◆ **SUPPLIED INFORMATION**:
----------

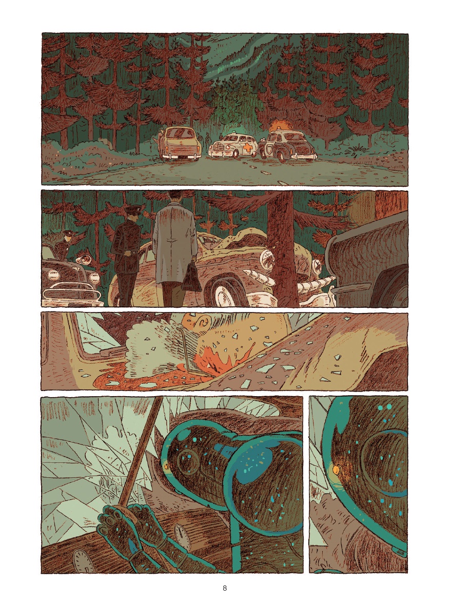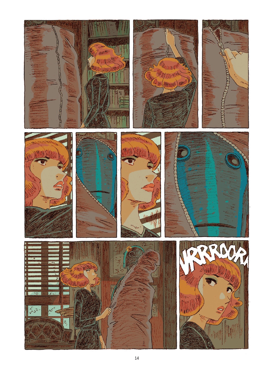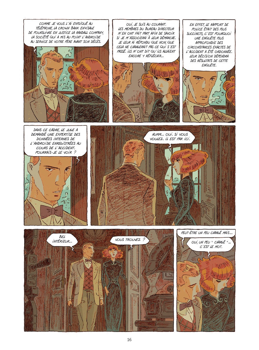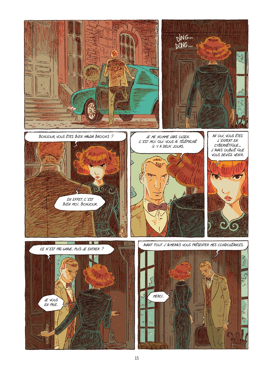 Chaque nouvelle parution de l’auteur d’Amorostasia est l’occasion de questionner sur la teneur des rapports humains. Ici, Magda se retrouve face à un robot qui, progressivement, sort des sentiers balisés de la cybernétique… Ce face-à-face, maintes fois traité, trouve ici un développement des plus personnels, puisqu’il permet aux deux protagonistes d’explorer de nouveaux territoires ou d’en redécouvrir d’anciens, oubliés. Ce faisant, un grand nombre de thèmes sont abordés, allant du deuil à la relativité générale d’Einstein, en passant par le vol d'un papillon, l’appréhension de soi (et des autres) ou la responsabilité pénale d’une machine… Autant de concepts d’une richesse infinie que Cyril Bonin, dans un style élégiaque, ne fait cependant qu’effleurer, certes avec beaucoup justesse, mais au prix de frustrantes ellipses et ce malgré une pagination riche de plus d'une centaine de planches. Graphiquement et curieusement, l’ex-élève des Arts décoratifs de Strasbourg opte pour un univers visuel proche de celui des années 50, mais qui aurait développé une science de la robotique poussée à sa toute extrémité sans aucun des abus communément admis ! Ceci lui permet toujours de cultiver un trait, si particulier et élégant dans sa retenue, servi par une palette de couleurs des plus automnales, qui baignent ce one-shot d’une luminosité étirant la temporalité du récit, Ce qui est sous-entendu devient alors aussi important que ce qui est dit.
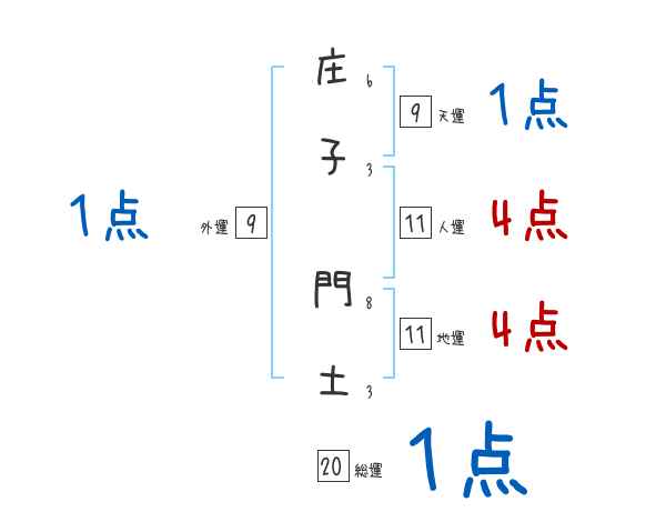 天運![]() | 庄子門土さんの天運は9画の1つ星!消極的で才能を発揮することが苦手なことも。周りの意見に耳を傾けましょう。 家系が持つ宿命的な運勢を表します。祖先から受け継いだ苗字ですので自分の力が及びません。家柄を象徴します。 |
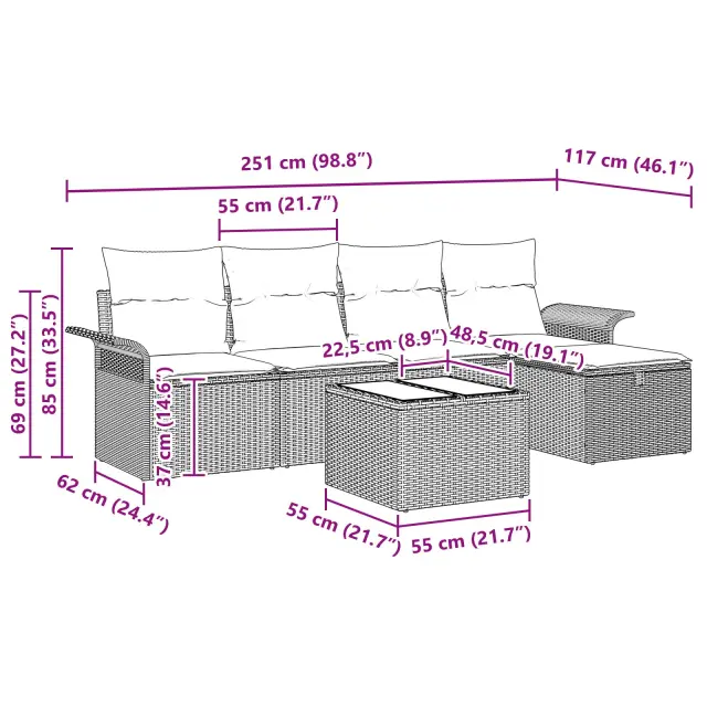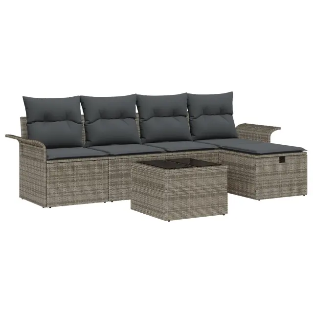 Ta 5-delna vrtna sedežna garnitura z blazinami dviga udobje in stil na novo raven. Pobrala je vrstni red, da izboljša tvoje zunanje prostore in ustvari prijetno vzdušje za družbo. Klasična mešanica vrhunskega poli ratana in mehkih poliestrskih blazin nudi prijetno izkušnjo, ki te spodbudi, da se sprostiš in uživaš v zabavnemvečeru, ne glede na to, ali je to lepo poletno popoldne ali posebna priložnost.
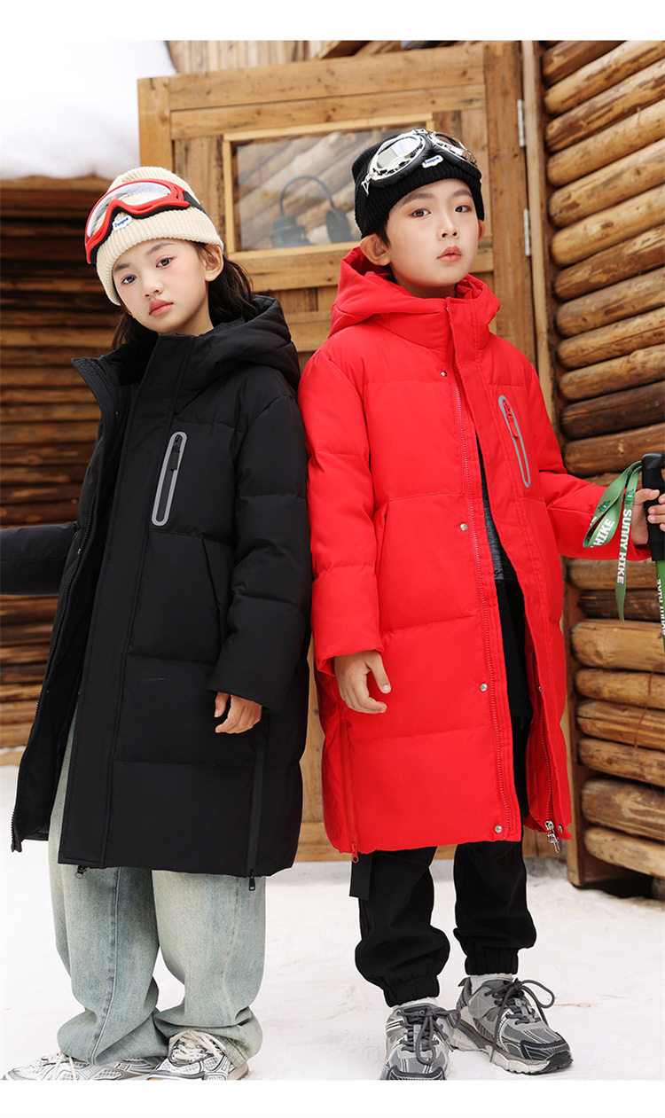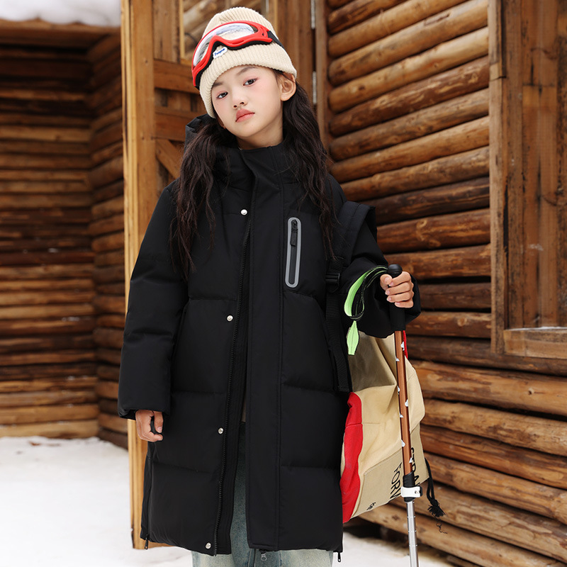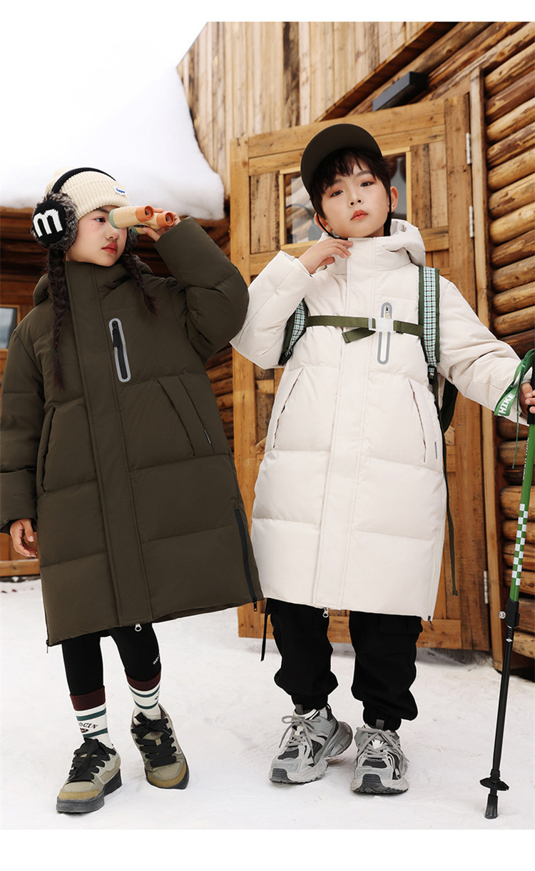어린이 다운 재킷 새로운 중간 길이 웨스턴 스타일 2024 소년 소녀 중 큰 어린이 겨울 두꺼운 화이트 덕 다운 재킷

----------

◆ **WORK REQUIRED**:
What is needed is an exact retyping of the lines from the start of the data through the line with "天運![]() | 庄子門土さんの天運は9画の1つ星!消極的で才能を発揮することが苦手なことも。周りの意見に耳を傾けましょう。", with both end lines kept and every picture left out.

◆ **SOLUTION TO THIS TASK**:
 Chaque nouvelle parution de l’auteur d’Amorostasia est l’occasion de questionner sur la teneur des rapports humains. Ici, Magda se retrouve face à un robot qui, progressivement, sort des sentiers balisés de la cybernétique… Ce face-à-face, maintes fois traité, trouve ici un développement des plus personnels, puisqu’il permet aux deux protagonistes d’explorer de nouveaux territoires ou d’en redécouvrir d’anciens, oubliés. Ce faisant, un grand nombre de thèmes sont abordés, allant du deuil à la relativité générale d’Einstein, en passant par le vol d'un papillon, l’appréhension de soi (et des autres) ou la responsabilité pénale d’une machine… Autant de concepts d’une richesse infinie que Cyril Bonin, dans un style élégiaque, ne fait cependant qu’effleurer, certes avec beaucoup justesse, mais au prix de frustrantes ellipses et ce malgré une pagination riche de plus d'une centaine de planches. Graphiquement et curieusement, l’ex-élève des Arts décoratifs de Strasbourg opte pour un univers visuel proche de celui des années 50, mais qui aurait développé une science de la robotique poussée à sa toute extrémité sans aucun des abus communément admis ! Ceci lui permet toujours de cultiver un trait, si particulier et élégant dans sa retenue, servi par une palette de couleurs des plus automnales, qui baignent ce one-shot d’une luminosité étirant la temporalité du récit, Ce qui est sous-entendu devient alors aussi important que ce qui est dit.
 天運![]() | 庄子門土さんの天運は9画の1つ星!消極的で才能を発揮することが苦手なことも。周りの意見に耳を傾けましょう。 家系が持つ宿命的な運勢を表します。祖先から受け継いだ苗字ですので自分の力が及びません。家柄を象徴します。 |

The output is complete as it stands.